Myasthenia Gravis

Mary Vo, M.D. discusses what patients should know about myasthenia gravis. She reviews the rare chronic autoimmune, neuromuscular disease and how it manifests in adults at different life stages. She highlights the symptoms of the condition and how neurological providers diagnose it in patients. Finally, she shares the available treatments for patients at Weill Cornell Medicine.

To schedule with Mary Vo, M.D.
Myasthenia Gravis
Featured Speaker:
Mary Vo, MD
Dr. Mary Vo is an Assistant Professor of Neurology and Assistant Attending Neurologist at New York Presbyterian/Weill Cornell Medical College. She received her medical degree from SUNY Stony Brook School of Medicine in 2008 after graduating with honors from St. John's University, where she earned her bachelor and doctoral degrees in Pharmacy. 

Learn more about Mary Vo, MD
Transcription:
Myasthenia Gravis

Melanie Cole (Host): Welcome to Back To Health, your source for the latest in health, wellness, and medical care. Keeping you informed, so you can make informed healthcare choices for yourself and your whole family. Back to Health features conversations about trending health topics and medical breakthroughs from our team of world-renowned physicians at Weill Cornell Medicine.

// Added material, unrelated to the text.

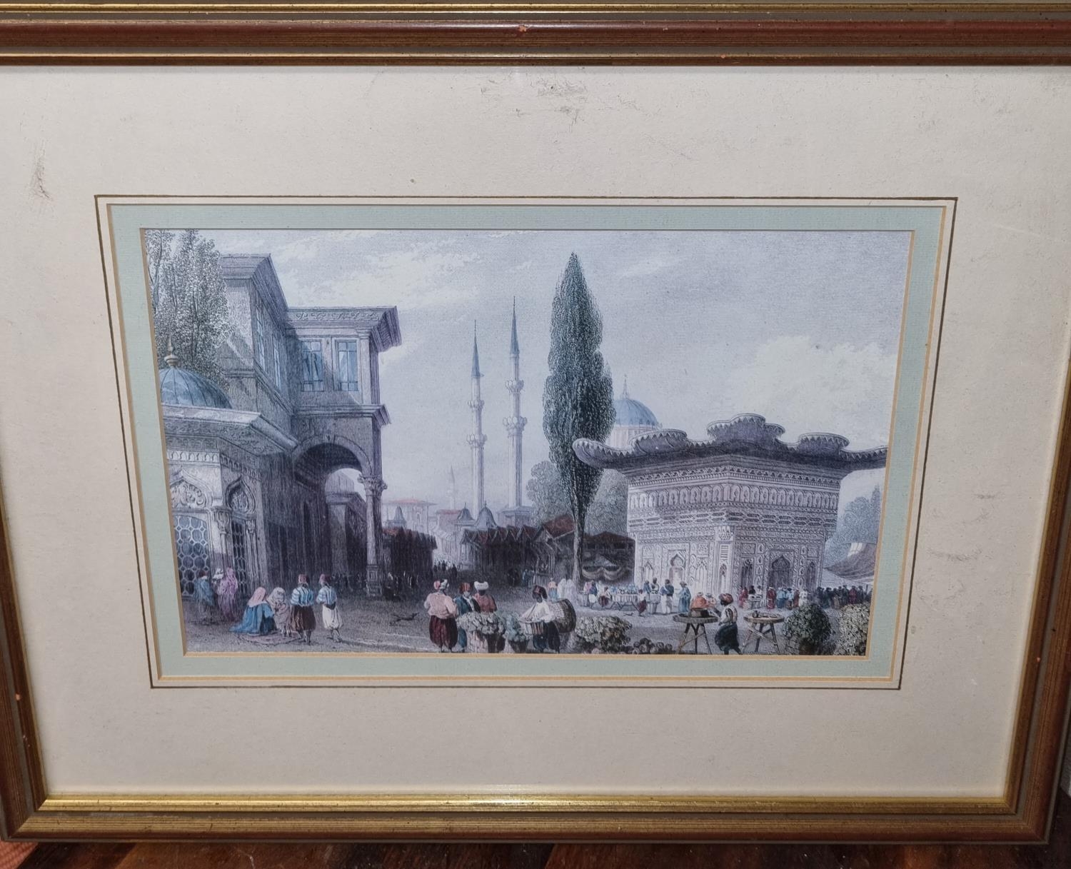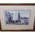 A coloured Print of a street scene.
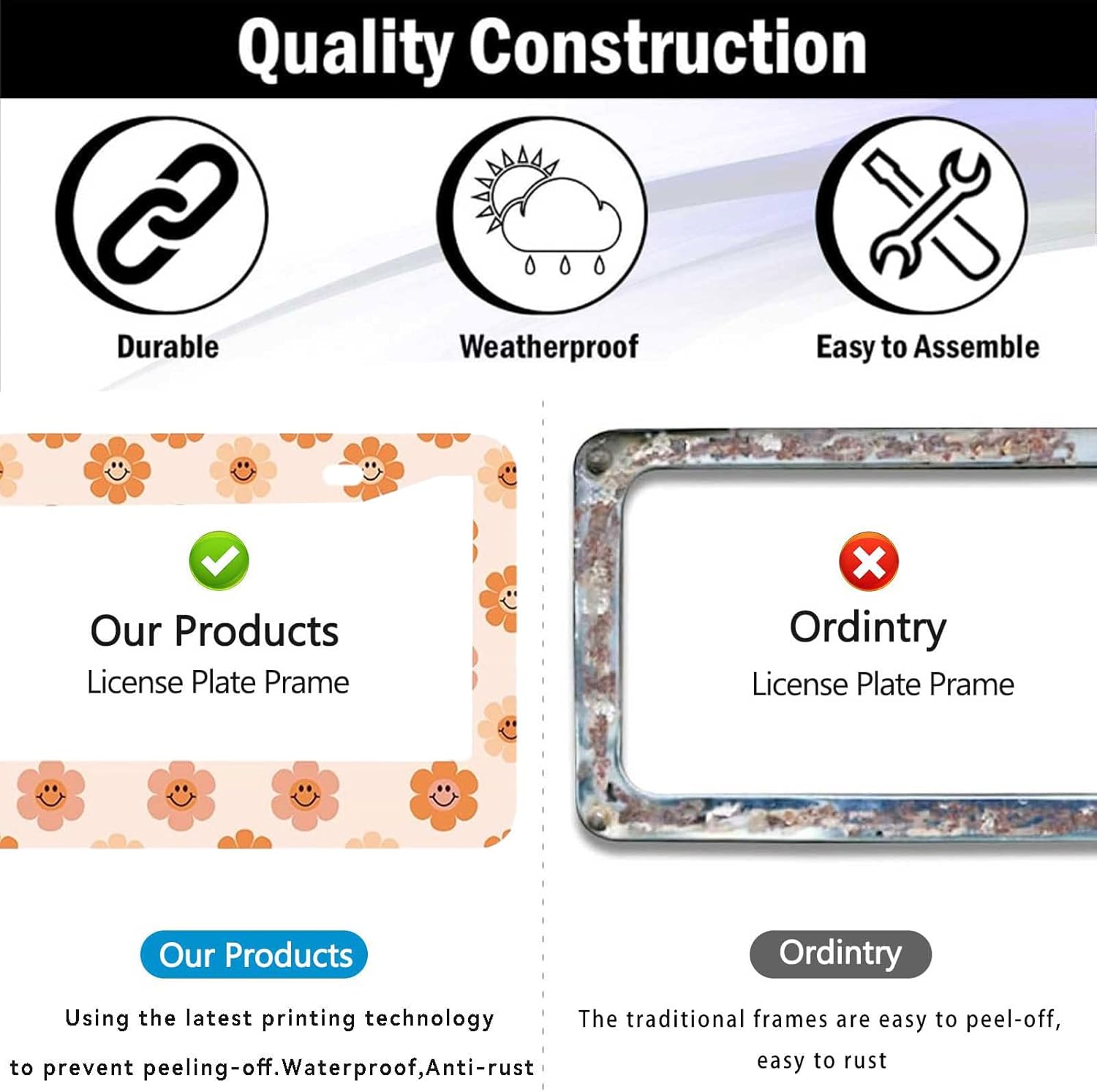 - DURABLE CONSTRUCTION: Made from premium quality metal with weather-resistant coating.Rain or Shine, Stay Secure – Our Rust-Proof Smile Flower License Plate Cover Frame Won’t Budge at Any Speed!

I'm Melanie Cole. And joining me today is Dr. Mary Vo. She's an Assistant Professor of Neurology at Well Cornell Medicine. And she's here with me to highlight the condition called myasthenia gravis. Dr. Vo, it's a pleasure to have you join us today. Let's start by giving a working definition for people that have never heard of this condition. What is myasthenia gravis? How common is it?

Dr Mary Vo: Hi, Melanie. Thank you for having me again. And I'm excited to educate our crowd about myasthenia gravis. So what this is, it's a relatively rare neuromuscular disorder and it results in fluctuating weakness affecting voluntary muscle groups, including muscles of breathing. When I say rare, it affects probably 20 people per 100,000 in the population. So how that works out is there are probably between 36,000 and 60,000 people in the United States living with myasthenia as we speak. That being said, it's a condition that's really felt to be underdiagnosed. So it's probably more common than our statistics are indicating.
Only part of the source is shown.